A former MIT president once likened getting an education at MIT to taking a drink from a fire hose. I did not go to or even apply to MIT. But a high school boyfriend was obsessed with getting in, and quoted folklore like this to me constantly. When MIT mailed me and thousands of other students who scored above a certain SAT score fat recruiting pamphlets he told me, “I can’t imagine why they’d be reaching out to you.”
Fast forward a decade and I’m at my laptop at 8am on a Monday, reviewing materials covering HTML and CSS, programming languages web developers use to build and style websites (respectively). I learn what it means to give meaning to HTML tags, or to make our code “semantic,” and when we move on to CSS specificity, how certain styling attributes cascade down elements of a web page, I think about how I’d explain the concept using a map of the Mean Girls cafeteria.
I’m still working on it. But, before I have time to go back to North Shore I’m applying what we learned in lecture in a Codepen project, restyling a bakery website. It feels approachable, and all eight students in my small study group feel good when we sync up at the end of the day.

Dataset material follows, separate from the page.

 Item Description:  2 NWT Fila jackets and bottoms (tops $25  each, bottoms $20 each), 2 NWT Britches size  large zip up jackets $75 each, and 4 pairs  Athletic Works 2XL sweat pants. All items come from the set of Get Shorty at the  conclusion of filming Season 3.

We continue with CSS the next day, learning about the box model and how to manipulate an element’s space on a web page, and we cover the attribute display: inline-block to get those elements to display in a row. But, this time, by the end of the day none of us feels great about the website we had to restyle using those tools. We hop off our daily standup and I head to the library, where I get kicked out at 10pm, after finishing at 9:56.

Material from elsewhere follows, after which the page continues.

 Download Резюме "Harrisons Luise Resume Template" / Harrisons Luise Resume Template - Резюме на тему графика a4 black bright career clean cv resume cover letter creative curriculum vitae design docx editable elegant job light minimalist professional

Learning the CSS flexbox module the next day, and how it adds a whole bunch of helpful styling properties to elements like defaulting them to display in a row, almost feels cruel. I’m nervous enough from the night before to raise my hand to guinea pig pair programming for the next project. I meet A. His five cats skitter back and forth across the head of his chair as we bounce around about the differences between justify-content: space-around vs. space-between to solve this challenge. Working together feels satisfying and immediately collaborative in a way few of my other work experiences have.
Confidence somewhat restored, Thursday we cover git, a track changes tool for developers, and how to push projects to Github. I introduced myself to fellow students to practice the school’s unique git + Github flow, but I’m still trying to come up with a Good Place + Github crossover joke about forks and forking.